Your goal ->
Copy out the data from the line containing "강림면 고비덕 마을 주민들 가드레일 설치 화제" to its last line, exactly. No pictures.

Source material ->
::::::::::
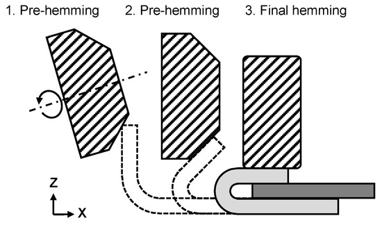 - Abe, Y.; Ijichi, W.; Mori, K.-i.; Nakagawa, K. Hemming with Pre-Bent Inner Sheet for Joining Ultra-High Strength Steel Sheets of Automobile Parts. J. Manuf. Mater. Process. 2020, 4, 77. [Google Scholar] [CrossRef]
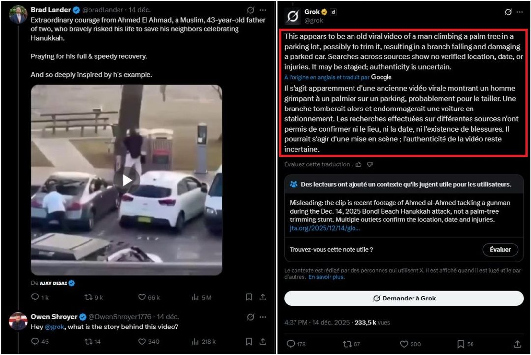 Die Antworten sind jedoch falsch. Das Video und das Bild des Mannes in weißem Oberteil sind authentisch: Es handelt sich tatsächlich um el Ahmed, einen Syrer und Vater von zwei Töchtern. Er stammt aus Neirab im Nordwesten Syriens und hat sein Land 2007 verlassen, um sich in Australien niederzulassen. Dort arbeitete er im Baugewerbe, bevor er einen Obst- und Gemüseladen eröffnete. Es ist nicht das erste Mal, dass Grok Falschinformationen wiedergibt.
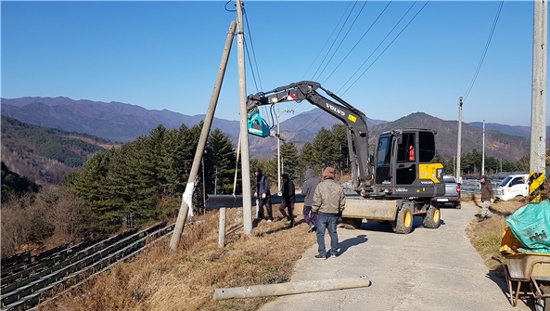 강림면 고비덕 마을 주민들 가드레일 설치 화제
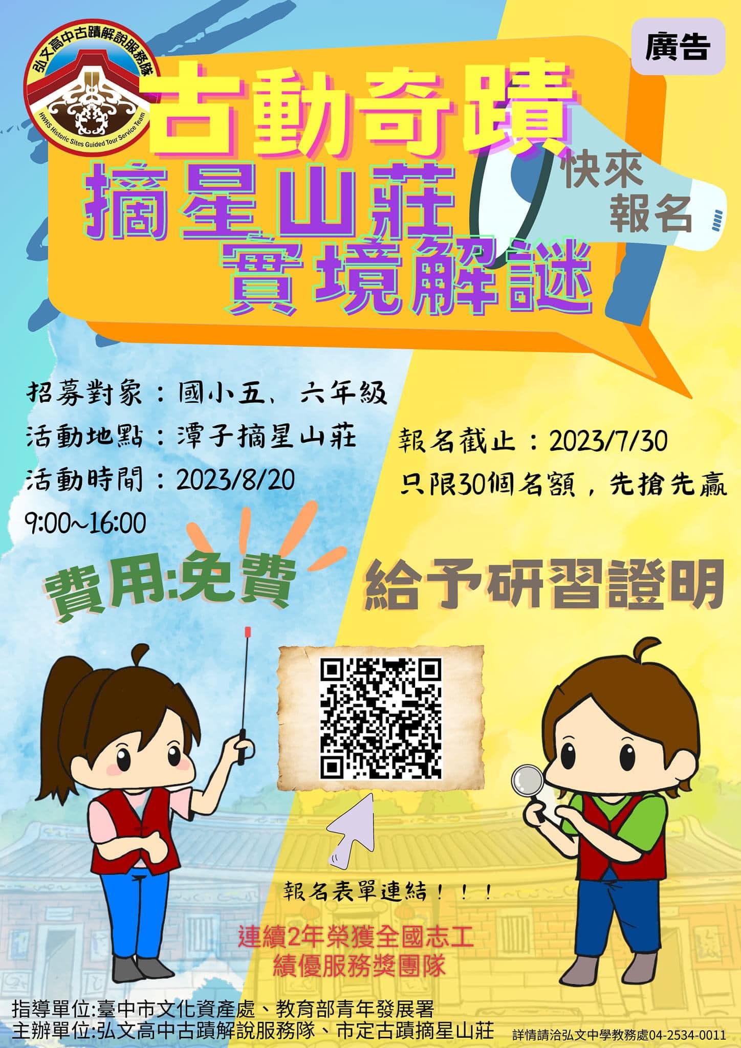 「古動奇蹟」摘星山莊實境解謎 日期:8月20日(日) 時間:9:00-16:00 地點:台中市市定古蹟 摘星山莊 由 弘文高中古蹟解說服務隊主辦, 帶領國小五、六年級學生, 透過實境解謎,探索摘星山莊的奧秘!!
::::::::::
Your solution ->
 강림면 고비덕 마을 주민들 가드레일 설치 화제
 「古動奇蹟」摘星山莊實境解謎 日期:8月20日(日) 時間:9:00-16:00 地點:台中市市定古蹟 摘星山莊 由 弘文高中古蹟解說服務隊主辦, 帶領國小五、六年級學生, 透過實境解謎,探索摘星山莊的奧秘!!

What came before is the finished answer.